How to get the most relevant text when searching?

Hello all,
I am trying to implement text suggestion in elm, where I have some data as List of Strings. I have tried so many ways for example, pattern matching, using Jaro-Winkler and Levenshtein distances, and bag of words model to find the best match in the data.
In the bag of words model, I can retrieve the most related sentence from the data, when I enter some text in the search box. I am doing it by converting all the search text and the data into words and then look in the data, where most of the words from the search text exist. I simply return that.
The problem is that If there are sentences with equal words in the data, then which one should I return?

EXAMPLE:

SEARCH TEXT: " HELLO THERE JONNY"
LIST 1 IN DATA: " THERE ARE JONNY AND MIKE"
LIST 2 IN DATA: " THERE YOU GO JONNY"

both the list have 2 words equal to the search text, which one should I return? Is there any algorithm for this purpose? Can someone give me an idea?

Here is the Ellie: https://ellie-app.com/bnQNZmFJ59Va1
:heart:

1 Like

It almost sounds like you, as a person, could not decide which represents the “best” match. If you cannot describe what you expect it doesn’t sound like an algorithm problem, but a specification one.

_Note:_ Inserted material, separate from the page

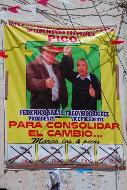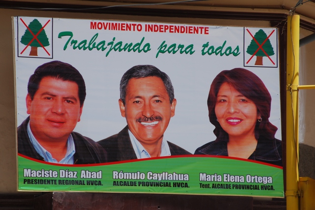 W Peru zbliżają się wybory samorządowe. Bije się Kartofelek, Lama, Kilof, Rączka i Drzewko…I różne inne dziwolągi, w zależności od okręgu. Po wsiach ciagle wielu ludzi jest analfabetami, więc jakoś trzeba było ułatwić im głosowanie. Ulicami miasteczek jeżdżą samochody puszczając na cały regulator piosenki wyborcze ułożone na cześć kandydatów. Marka la papa!!!

I would consider at least these 2 options:

  • return the shortest phrase. It seems less convoluted to suggest a shorter text than a longer one.
  • if your use case allows for it, return multiple matches if they weigh the same. Let the user decide which is more relevant.
2 Likes

Thank you for the reply.
In my case, I gave the example just to understand the problem. Is it possible in Elm to get the semantic meaning from the phrases? (To get the relativity among the equal matches).

I also should return one match, because I want to use it for a conversation with the user, which means, the user will enter some text and the program will look for the best match in the data and return the most related phrase for him. That is why I asked for an algorithm. If you know any specification solution for this case, please tell me.

I am not sure, if something like TF-IDF will help me? I hope, I will be able to find a way.

You could use the Levenshtein distance as a measure of similarity between strings.

3 Likes

That algorithm is very clever. And it’s awesome that it is already implemented in Elm!

3 Likes

This topic was automatically closed 10 days after the last reply. New replies are no longer allowed.